Excerpts from a dataset:
◆ ◆ ◆

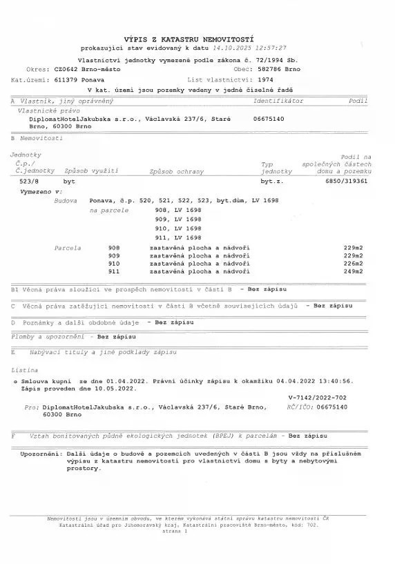Nabízíme k prodeji prostorný byt 2+1 o velikosti 78 m², umístěný v atraktivní lokalitě širšího centra Brna na ulici Tábor 44d (jednotka č. 523/8). Bytová jednotka disponuje dvěma neprůchozími pokoji, které zajišťují dostatek soukromí. Koupelna s vanou je prakticky oddělená od toalety. K dispozici je také samostatná kuchyně, předsíň a komora, která poslouží jako ideální úložný prostor. K bytu náleží sklep o velikosti cca 4 m² a v domě je k dispozici i společná kolárna a kočárkárna. Parkování je pohodlně dostupné přímo před domem. Měsíční náklady SVJ činí cca 6 500 Kč. Jednotka se nachází v atraktivní oblasti v bezprostřední blízkosti centra Brna. Samotné centrum Brna je dostupné v pěší vzdálenosti. V těsné blízkosti se nachází tramvajová a autobusová zastávka Klusáčkova či Šelepova, obě zajišťující dojezd do centra Brna během deseti minut. V okolí se nachází kompletní občanská vybavenost včetně několika obchodů, restaurací, barů a ostatních služeb. V blízkosti je známá restaurace Šelepka a také park, supermarket Billa a Lidl, základní a mateřská škola, dětské hřiště, fitness centrum, tenisová hala apod. Významný brněnský park Lužánky je vzdálen 10 minut chůze. Tento byt představuje skvělou příležitost k vlastnímu bydlení i investici v jedné z nejžádanějších částí Brna. Součástí inzerátu je i vizualizace pokojů. Byt se nabízí bez vybavení. V případě zájmu o více informací nebo prohlídku nás neváhejte kontaktovat.
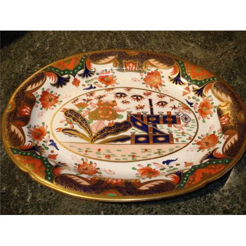 A Beautiful Porcelain Platter, of Ovalform, Circa 1810, Made by the Spode Porcelain Factories of England. Very Graceful form of Balanced proportions accented in Beautiful Gilt work. Done in the Wildly Popular "967" Pattern, a variant of the Japanese Export Porcelain in Style, in Vivid Colors and Delicate Gilding used to depict stylized natural scenes, in this case, a Garden segmented by a Bamboo Fence. Marked on the bottom with a "967" in Spode's Rust-colored signature script. Excellent condition, with no breaks, chips, cracks or repairs of any kind. No known wear to painting or gilding.
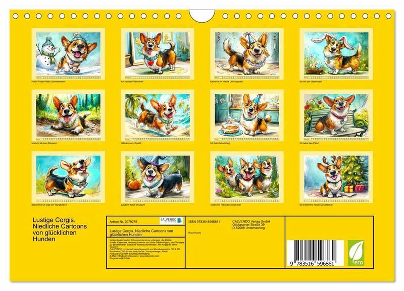 QUALITÄT - Hochwertiger Fotokalender mit 12 wunderschönen Motiven auf lichtbeständigem Bilderdruckpapier, robuste Spiralbindung mit Aufhängebügel.NACHHALTIG - deutliche Abfallreduzierung durch bedarfsgerechte Einzelstückfertigung, umweltfreundliches FSC-zertifiziertes Papier, Produktion in Deutschland, klimabewusste Logistik.PERFEKTES GESCHENK - Kalender für Freunde und Familie, für Kinder und Erwachsene, jung und alt, zu Weihnachten, Geburtstag oder zwischendurch.VIELFALT - Bildkalender in verschiedenen Formaten, z.B. DIN A5, DIN A4, DIN A3 sowie DIN A2. Ob Naturmotiv, Gemälde oder Fotos, ideal für ein persönliches Wohlfühlambiente.Ein fröhlicher Cartoon-Kalender mit liebenswerten Corgis in witzigen Szenen von Autor(in): Rose Hurley
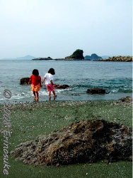海岸で波と戯れる幼児達.お~い,潮が満ちてきてますぜ.お前ら.
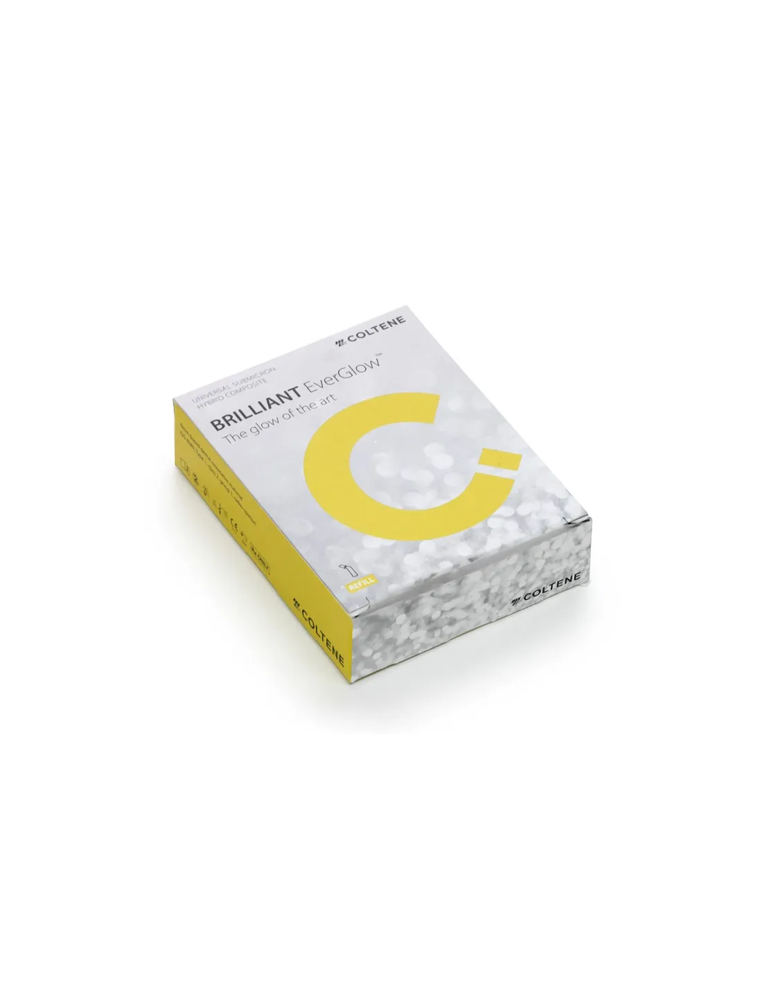 Brilliant Everglow de Coltène es un composite híbrido submicrónico universal de alto relleno; con un intervalo de partículas de relleno inorgánicas de 0,02-1,5µm., con un contenido de relleno inorgánico por volumen de 56% y por peso de 74%.
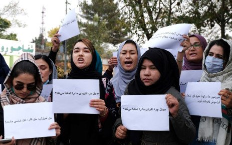Afghan women and girls take part in a protest in front of the Ministry of Education in Kabul on March 26, 2022, demanding that high schools be reopened for girls. (Photo by Ahmad SAHEL ARMAN / AFP)

◆ ◆ ◆

Only the records, copied exactly and without pictures, should make up the answer.

- RESPONSE -
Nabízíme k prodeji prostorný byt 2+1 o velikosti 78 m², umístěný v atraktivní lokalitě širšího centra Brna na ulici Tábor 44d (jednotka č. 523/8). Bytová jednotka disponuje dvěma neprůchozími pokoji, které zajišťují dostatek soukromí. Koupelna s vanou je prakticky oddělená od toalety. K dispozici je také samostatná kuchyně, předsíň a komora, která poslouží jako ideální úložný prostor. K bytu náleží sklep o velikosti cca 4 m² a v domě je k dispozici i společná kolárna a kočárkárna. Parkování je pohodlně dostupné přímo před domem. Měsíční náklady SVJ činí cca 6 500 Kč. Jednotka se nachází v atraktivní oblasti v bezprostřední blízkosti centra Brna. Samotné centrum Brna je dostupné v pěší vzdálenosti. V těsné blízkosti se nachází tramvajová a autobusová zastávka Klusáčkova či Šelepova, obě zajišťující dojezd do centra Brna během deseti minut. V okolí se nachází kompletní občanská vybavenost včetně několika obchodů, restaurací, barů a ostatních služeb. V blízkosti je známá restaurace Šelepka a také park, supermarket Billa a Lidl, základní a mateřská škola, dětské hřiště, fitness centrum, tenisová hala apod. Významný brněnský park Lužánky je vzdálen 10 minut chůze. Tento byt představuje skvělou příležitost k vlastnímu bydlení i investici v jedné z nejžádanějších částí Brna. Součástí inzerátu je i vizualizace pokojů. Byt se nabízí bez vybavení. V případě zájmu o více informací nebo prohlídku nás neváhejte kontaktovat.
 A Beautiful Porcelain Platter, of Ovalform, Circa 1810, Made by the Spode Porcelain Factories of England. Very Graceful form of Balanced proportions accented in Beautiful Gilt work. Done in the Wildly Popular "967" Pattern, a variant of the Japanese Export Porcelain in Style, in Vivid Colors and Delicate Gilding used to depict stylized natural scenes, in this case, a Garden segmented by a Bamboo Fence. Marked on the bottom with a "967" in Spode's Rust-colored signature script. Excellent condition, with no breaks, chips, cracks or repairs of any kind. No known wear to painting or gilding.
 QUALITÄT - Hochwertiger Fotokalender mit 12 wunderschönen Motiven auf lichtbeständigem Bilderdruckpapier, robuste Spiralbindung mit Aufhängebügel.NACHHALTIG - deutliche Abfallreduzierung durch bedarfsgerechte Einzelstückfertigung, umweltfreundliches FSC-zertifiziertes Papier, Produktion in Deutschland, klimabewusste Logistik.PERFEKTES GESCHENK - Kalender für Freunde und Familie, für Kinder und Erwachsene, jung und alt, zu Weihnachten, Geburtstag oder zwischendurch.VIELFALT - Bildkalender in verschiedenen Formaten, z.B. DIN A5, DIN A4, DIN A3 sowie DIN A2. Ob Naturmotiv, Gemälde oder Fotos, ideal für ein persönliches Wohlfühlambiente.Ein fröhlicher Cartoon-Kalender mit liebenswerten Corgis in witzigen Szenen von Autor(in): Rose Hurley
海岸で波と戯れる幼児達.お~い,潮が満ちてきてますぜ.お前ら.
 Brilliant Everglow de Coltène es un composite híbrido submicrónico universal de alto relleno; con un intervalo de partículas de relleno inorgánicas de 0,02-1,5µm., con un contenido de relleno inorgánico por volumen de 56% y por peso de 74%.
Afghan women and girls take part in a protest in front of the Ministry of Education in Kabul on March 26, 2022, demanding that high schools be reopened for girls. (Photo by Ahmad SAHEL ARMAN / AFP)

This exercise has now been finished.